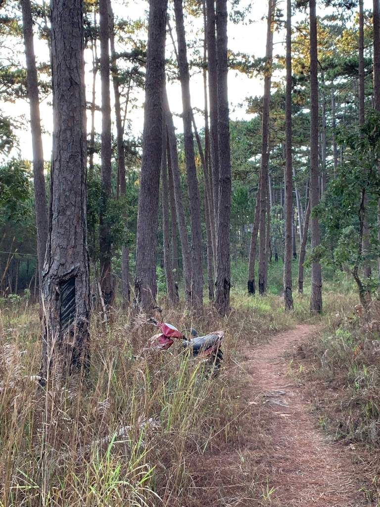Sau đó, chú Cường nói mình với chị dắt cái xe về rẫy để chú siết cái ống dẫn xăng lại. Sau đó là hơn 1 tiếng loay hoay tìm xe sau đó tìm đường về rẫy của 2 chị em. Vị trí quăng xe không nhớ, 2 chị em tìm hoài không thấy. Cuối cùng cũng tìm thấy nhưng đường về rẫy ở đâu thì không biết, chi Anh chỉ vào con đường chắc như đinh nó là câu trả lời cuối cùng. Nhưng lạ lắm, đi được chút chị cảm giác là sai đường nên chị một mình đi ngược lên. Hơn 10 phút sau, chị lạc luôn mình, mình đẩy chiếc xe lên con dốc hướng lại đồi thông, bắt đầu cọc. Vầng, 2 người không gặp nhau là do chị đi đường kế bên, con đường có dây điện. Rẫy này là rẫy duy nhất có đường dây điện dẫn vào.
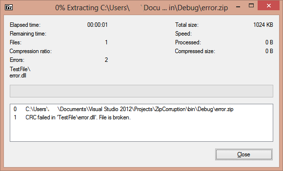 For deployment packages we use DotNetZip Library to create zip files. One of the files recently became corrupted when put in the package.
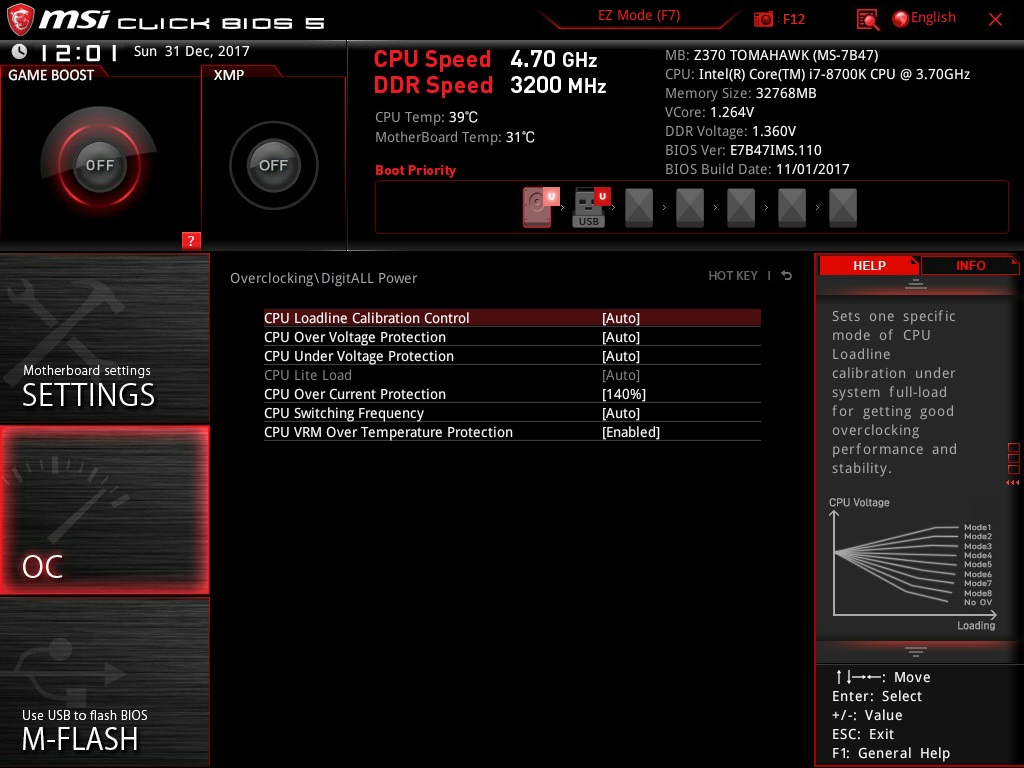 Что смущает меня больше всего, это конечно не стабильность температуры и эти постоянные ее скачки. По началу, я грешил на камень или на то что неправильно подобрал систему охлаждения, но почитав топики по матерям и процессору, понял что все-таки мать слишком задирает напряжение. Все это выполнялось при стандартных настройках BIOS. Был включен только XMP профиль для памяти. Если я правильно понимаю, то мне необходимо поменять настройки в BIOS CPU Core Voltage на меньше значение, от того что стоит по умолчанию, и наверное там 1.312(пишу пост с работы и в данный момент нету возможности глянуть).
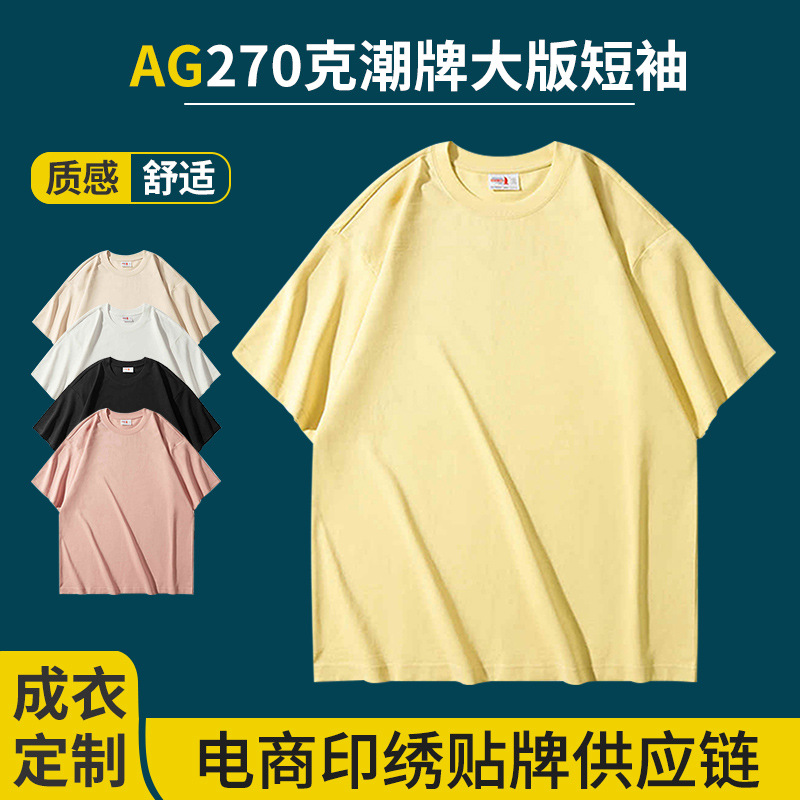 Ag新型270グラム潮牌大版綿半袖tシャツ純色ジャケット生中継ソース文化シャツプリントロゴ

# How to complete this task
Please write out all of the data verbatim, with no pictures in the copy.

# Answer to the problem
Sau đó, chú Cường nói mình với chị dắt cái xe về rẫy để chú siết cái ống dẫn xăng lại. Sau đó là hơn 1 tiếng loay hoay tìm xe sau đó tìm đường về rẫy của 2 chị em. Vị trí quăng xe không nhớ, 2 chị em tìm hoài không thấy. Cuối cùng cũng tìm thấy nhưng đường về rẫy ở đâu thì không biết, chi Anh chỉ vào con đường chắc như đinh nó là câu trả lời cuối cùng. Nhưng lạ lắm, đi được chút chị cảm giác là sai đường nên chị một mình đi ngược lên. Hơn 10 phút sau, chị lạc luôn mình, mình đẩy chiếc xe lên con dốc hướng lại đồi thông, bắt đầu cọc. Vầng, 2 người không gặp nhau là do chị đi đường kế bên, con đường có dây điện. Rẫy này là rẫy duy nhất có đường dây điện dẫn vào.
 For deployment packages we use DotNetZip Library to create zip files. One of the files recently became corrupted when put in the package.
 Что смущает меня больше всего, это конечно не стабильность температуры и эти постоянные ее скачки. По началу, я грешил на камень или на то что неправильно подобрал систему охлаждения, но почитав топики по матерям и процессору, понял что все-таки мать слишком задирает напряжение. Все это выполнялось при стандартных настройках BIOS. Был включен только XMP профиль для памяти. Если я правильно понимаю, то мне необходимо поменять настройки в BIOS CPU Core Voltage на меньше значение, от того что стоит по умолчанию, и наверное там 1.312(пишу пост с работы и в данный момент нету возможности глянуть).
 Ag新型270グラム潮牌大版綿半袖tシャツ純色ジャケット生中継ソース文化シャツプリントロゴ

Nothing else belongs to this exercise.